The clock is ticking on the future of Plum Island, and environmental advocates have banded together to fight to preserve the 840-acre property.
The island, just east of Orient Point, has been the site of the U.S. Department of Agriculture’s Plum Island Animal Disease Center since 1954, though work there has been overseen by the Department of Homeland Security since 2003. The federal government last year announced plans to sell the island and build a more high-tech animal disease research facility in Kansas.
Last Wednesday, Oct. 6, the Department of Homeland Security gave a tour of the island to a group of environmentalists.
The tour was conducted for the Long Island Sound Study Group, a cooperative effort of the U.S. Environmental Protection Agency and the states of New York and Connecticut, which has named Plum Island a significant estuary. Also on the tour were members of Preserve Plum Island, a Long Island-based coalition of 36 environmental groups ranging from local groups to the international Wildlife Conservation Society.
Preserve Plum Island is asking the Department of Homeland Security to transfer the wild portion of the island to the Fish and Wildlife Service as a nature preserve.
It wouldn’t be the only preserve in the area, which is an important flyway for at least 100 species of migrating birds. Great Gull Island, just to the east of Plum Island, is a bird sanctuary and a tern study area run by the American Museum of Natural History. Another small rocky outcropping known as The Ruins, once part of Gardiners Island, was given to the Fish and Wildlife Service last year.
“I think they’re interested. They’re in the area,” said Nature Conservancy policy advisor Randy Parsons of the Fish and Wildlife Service. Mr. Parsons was on the tour last Wednesday.

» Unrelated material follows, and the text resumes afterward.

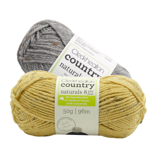 CleckheatonCountry Naturals 8 ply is a soft tweed yarn made from a blend of Australian wool, acrylic and viscose. It is machine washable with flecks of colour...

He said that The Nature Conservancy is pushing the federal government to complete a four-season biological inventory of the plants and animals on the island before the sale can be completed. The U.S. General Services Administration, the agency responsible for the sale of the island, is in the process of compiling a draft environmental impact statement detailing environmental issues that must be addressed before the sale. The EIS was initially expected to be complete this month but has been delayed until later this fall.
Environmental contamination on the island is a potential stumbling block for the sale. Mr. Parsons said that the U.S. General Accounting Office has documented several dozen toxic contamination sites on the island and has estimated the clean-up costs at as much as $190 million.
“There is definitely the feeling that the federal government shouldn’t be trying to market this thing. They should be cleaning up the mess and restore the island to its pre-U.S. government condition,” he said. “But I don’t think a lot of this would have come to light if they weren’t going to sell it.”
Stella Miller, president of the Huntington-Oyster Bay Audubon Society and a founder of Preserve Plum Island, was also on Wednesday’s tour. She said she was particularly impressed by a visit to a rocky outcropping on the island where 50 seals were hauled out on the rocks. She said that as many as 300 seals haul out at Plum Island at one time.
“Birds travel thousands of miles during migration and spots like Plum Island are necessary for their survival,” she said.
She said that tour participants were given an overview of work done on the island but that her tour guides were not interested in discussing the future of the facility, despite the fact that the visit was widely described in the media as a real estate open house.
“They didn’t go there,” she said. “They stayed neutral.”
GSA representative Paula Santangelo also remained stoic in her agency’s position on the future of the island.
“While the EIS will present several re-use scenarios, GSA doesn’t advocate any particular reuse,” she said Friday.